NASA’s Juno mission, led by an SwRI scientist, recently provided the first resolved subsurface measurements of the ice-encased Jovian moon Europa. This cutaway illustration shows an 18-mile-thick shell with a shallow layer containing small imperfections — cracks, pores and voids. The icy moon is thought to harbor a vast ocean beneath its icy exterior that could contain the ingredients for life.

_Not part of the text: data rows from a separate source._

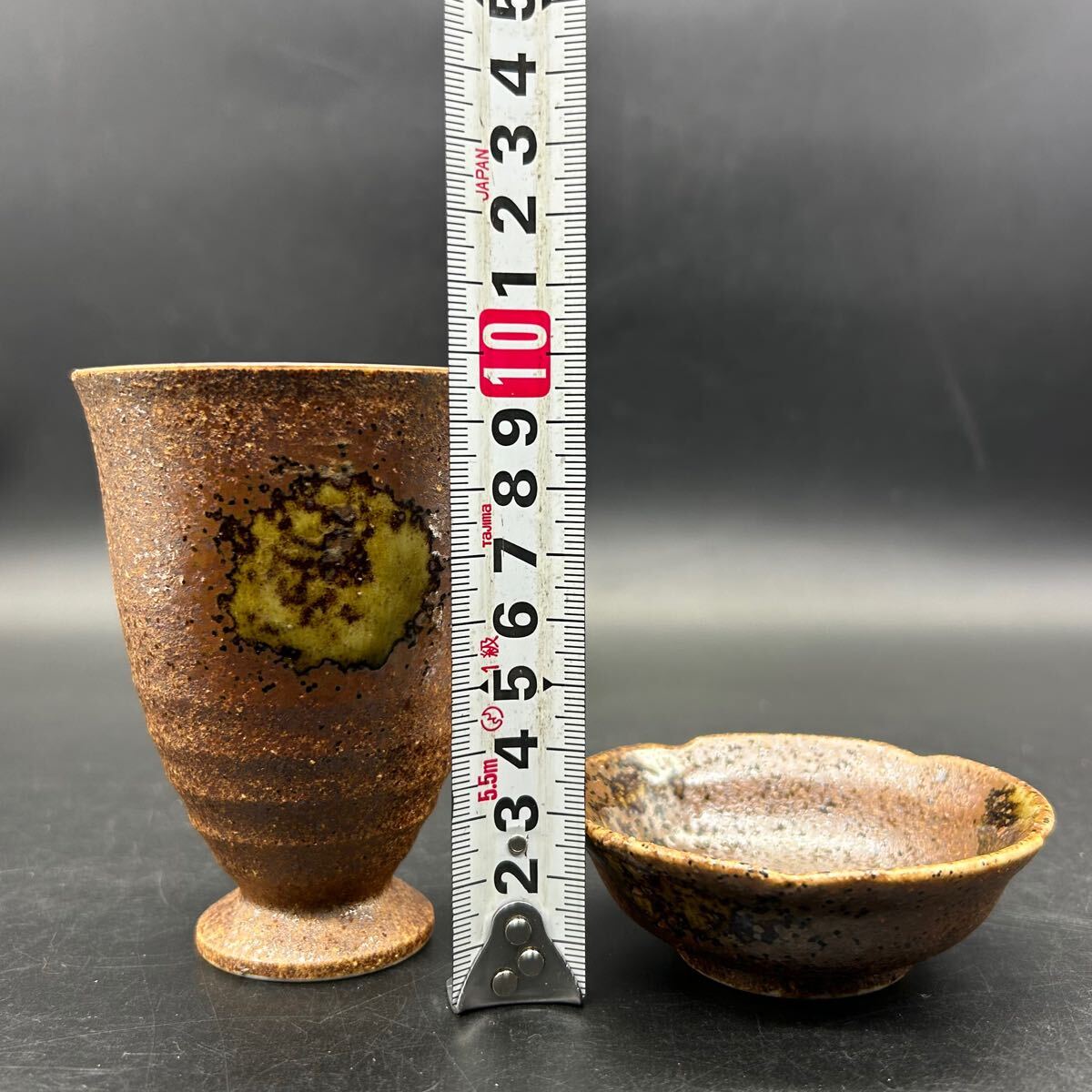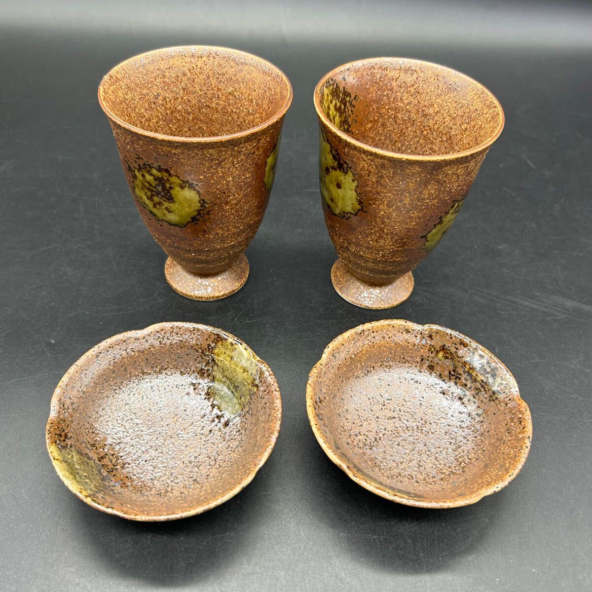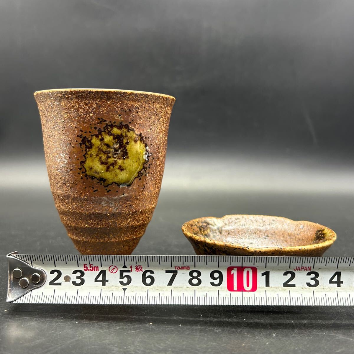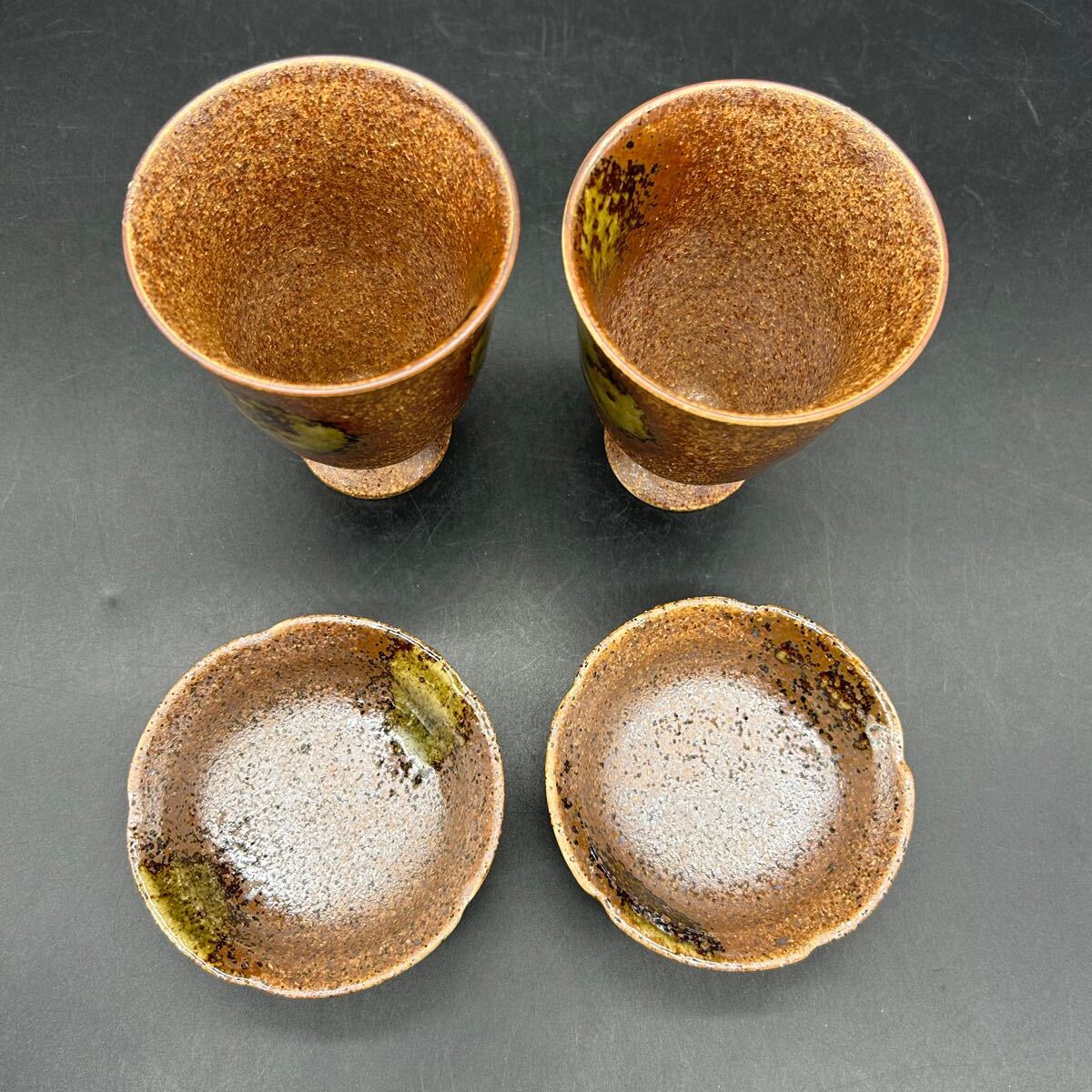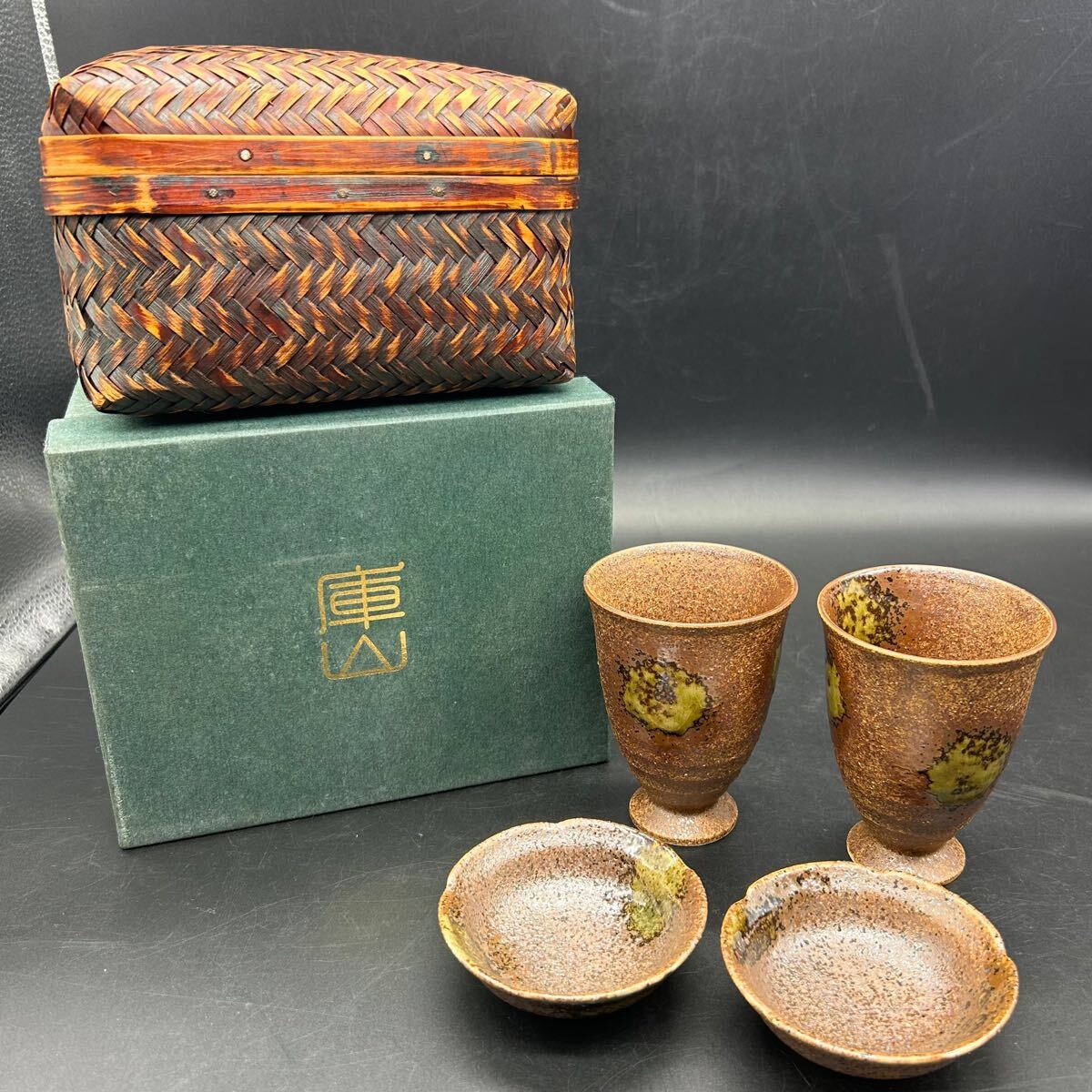 益子焼 庫山窯 古窯の旅 篭付ペアフリーカップ 湯呑み 豆皿 未使用品 ツ20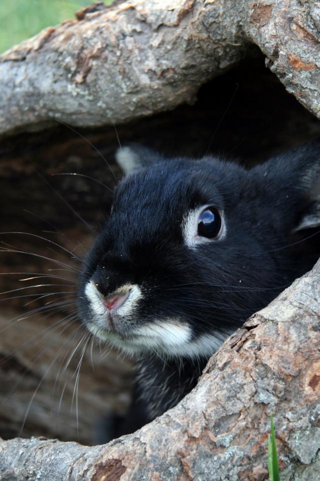 Wallpaper Scared black rabbit sitting in a burrow of wood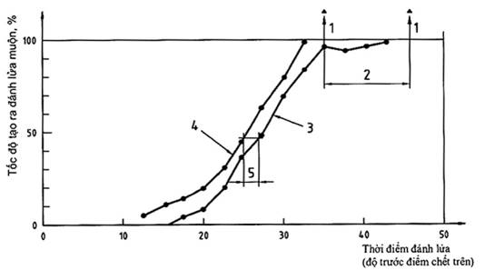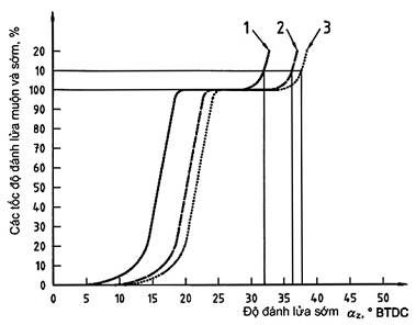 Hình E.6 - Sự thay đổi của tỷ lệ tạo ra đánh lửa muộn do sự thay đổi đặc tính của bugi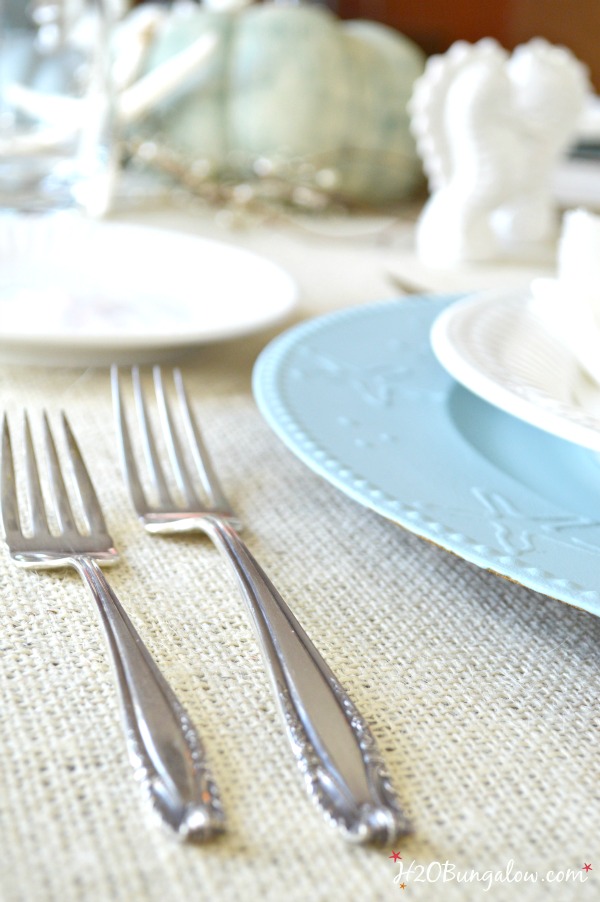 Your coastal themed Thanksgiving table is perfect for your area of the country. I love the colors that you used and how great they look with the burlap table cloth.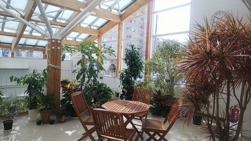2階ホールは植物に囲まれてポッカポカ♪植物に癒されて、今朝の大雪なんて吹っ飛びます。
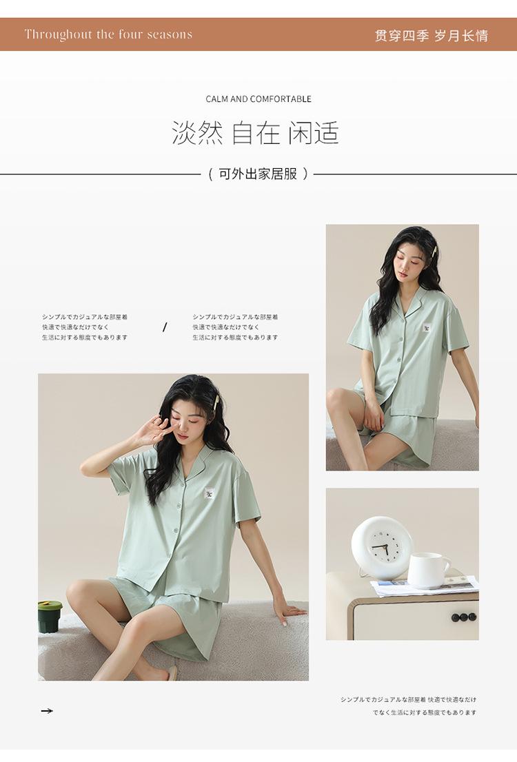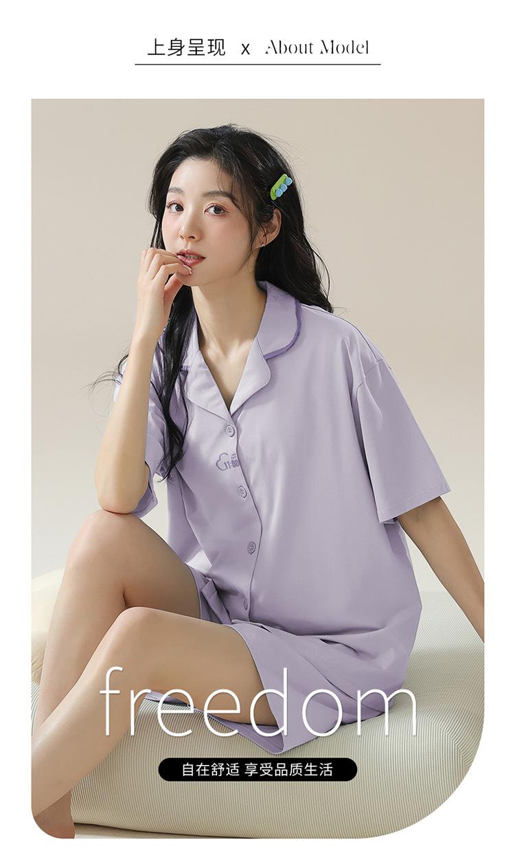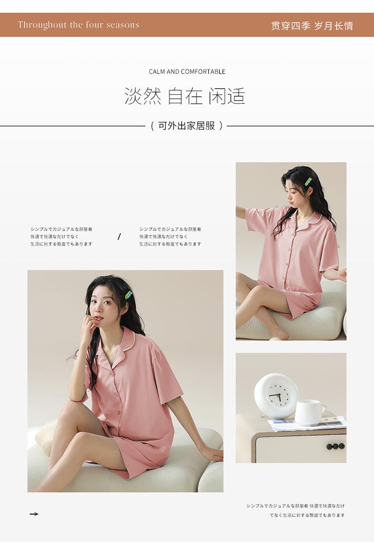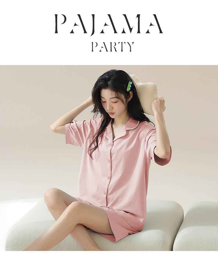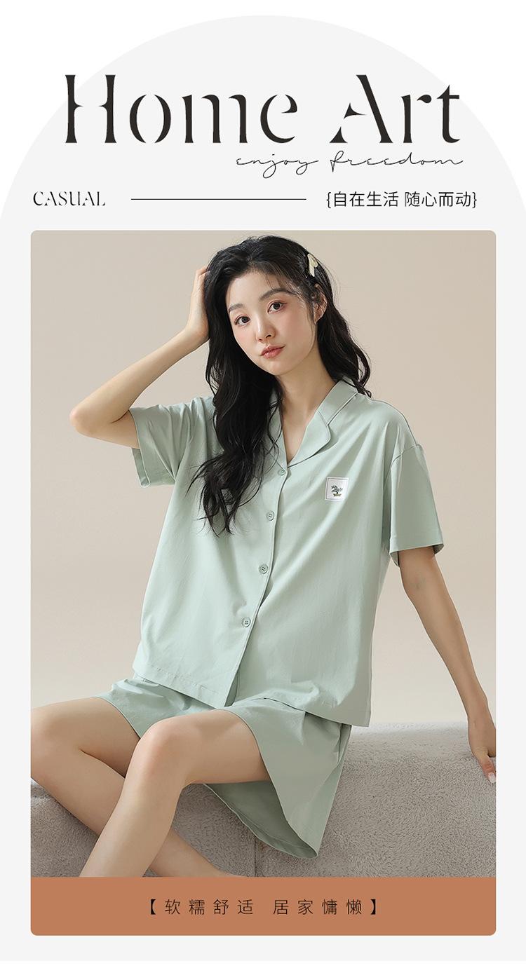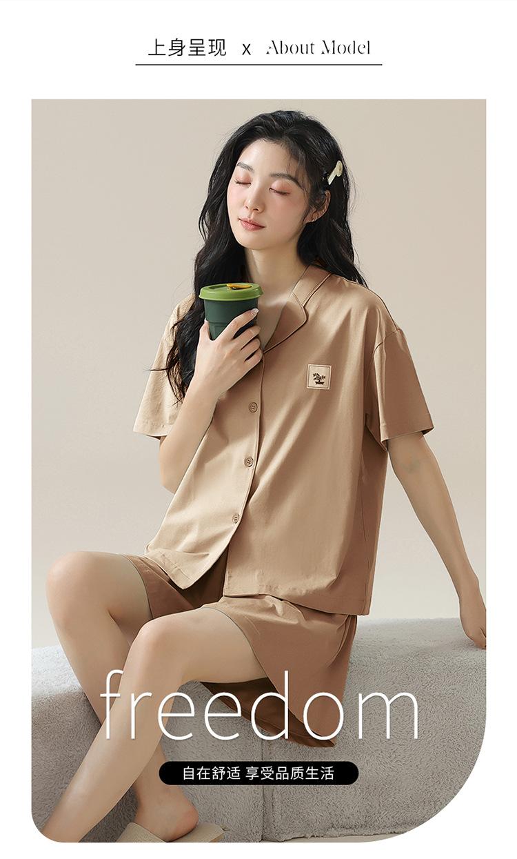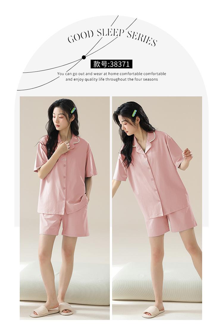 [tienda] moda sencilla (Amazonas) Pijama corto de manga corta para mujer, cárdigan con solapa, ideal para usar en casa.

Image Credit: NASA/JPL-Caltech/SwRI/K. Kuramura
Scientific Frontline: "At a Glance" Summary
- Main Discovery: Data from NASA’s Juno spacecraft reveals that the rigid, conductive outer ice shell of Jupiter’s moon Europa is approximately 29 kilometers thick.
- Methodology: Researchers utilized the Microwave Radiometer (MWR) instrument aboard Juno to measure thermal emissions and probe the ice shell at varying depths during a close flyby in September 2022.
- Key Data: The estimated thickness of the conductive ice layer is 29 ± 10 kilometers, though this figure could be reduced by approximately 5 kilometers if the ice contains significant salt levels.
- Significance: A shell of this thickness creates a substantial barrier to the transport of oxidants and nutrients from the surface to the subsurface ocean, potentially limiting the moon's habitability.
- Future Application: These findings characterize the ice shell properties to refine observation strategies for the upcoming Europa Clipper mission, particularly for calibrating its ice-penetrating radar.
- Branch of Science: Planetary Science and Astrobiology.
- Additional Detail: The MWR instrument detected shallow structural irregularities such as cracks and voids within the top hundreds of meters, but these features likely do not extend deep enough to serve as conduits for material exchange.Scientific Frontline: "At a Glance" Summary
Data from NASA’s Juno mission has provided new insights into the thickness and subsurface structure of the icy shell encasing a subsurface liquid ocean within Jupiter’s moon Europa. Using the spacecraft’s Microwave Radiometer (MWR), mission scientists determined that the shell averages about 18 miles (29 kilometers) thick in the region observed during Juno’s 2022 flyby of Europa.
The thick shell suggested by the MWR data implies a longer route that oxygen and nutrients would have to travel to connect Europa’s surface with its subsurface ocean. Understanding this process may be relevant to future studies into Europa’s habitability.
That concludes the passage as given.